▸ **What the task asks**
Only the lines from the beginning of the entries through the one with "- Drizzle the" should be written out, please, exactly and without any pictures.

[Data to examine]

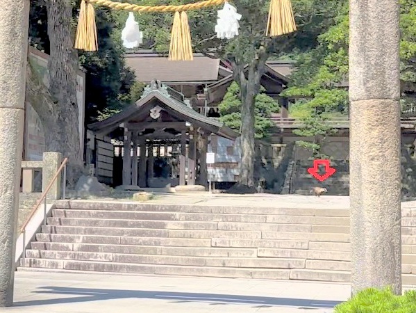 何か動くものが神社の境内を横切って行ったのです。
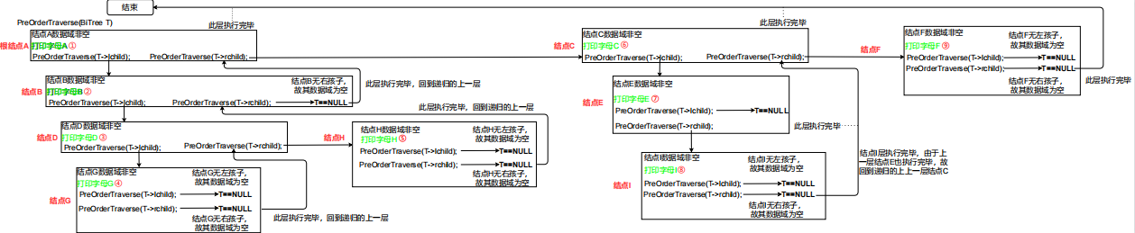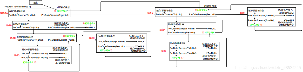 (1)打印结点(根结点和其他结点)的数据内容 (2)先序遍历左子树 (3)先序遍历右子树
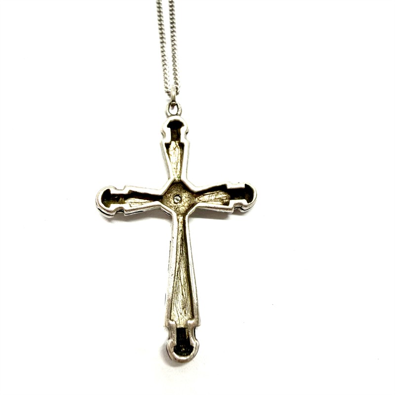 Stříbrný Art deco náhrdelník - křížek a briliantem
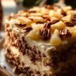- Drizzle the cream cheese icing over the cake and optionally sprinkle with chopped pecans and coconut.
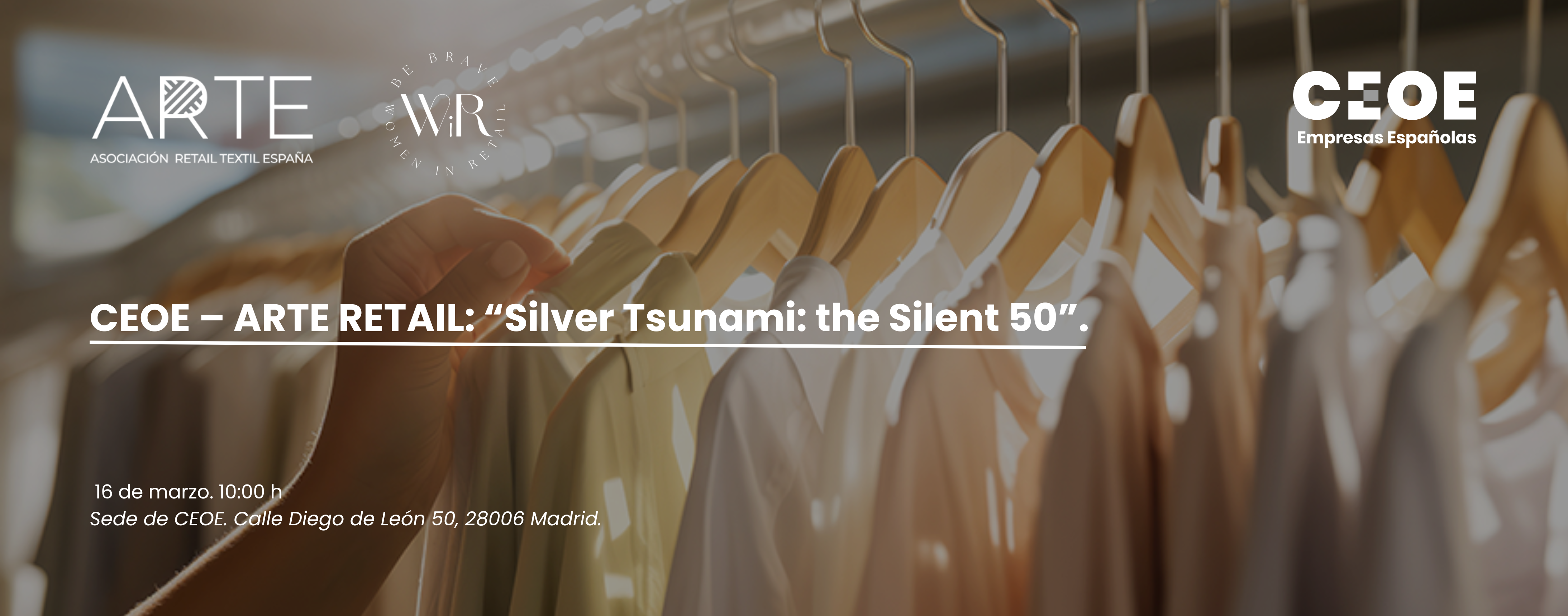 CEOE y ARTE, tienen el placer de invitarle a la jornada " SILVER TSUNAMI: The silent 50"que se celebrará el próximo 16 de marzo a las 10h00 en la sede de CEOE (Calle Diego de León, 50 – Madrid).

[/Data to examine]

▸ **Output for this exercise**
 何か動くものが神社の境内を横切って行ったのです。
 (1)打印结点(根结点和其他结点)的数据内容 (2)先序遍历左子树 (3)先序遍历右子树
 Stříbrný Art deco náhrdelník - křížek a briliantem
- Drizzle the cream cheese icing over the cake and optionally sprinkle with chopped pecans and coconut.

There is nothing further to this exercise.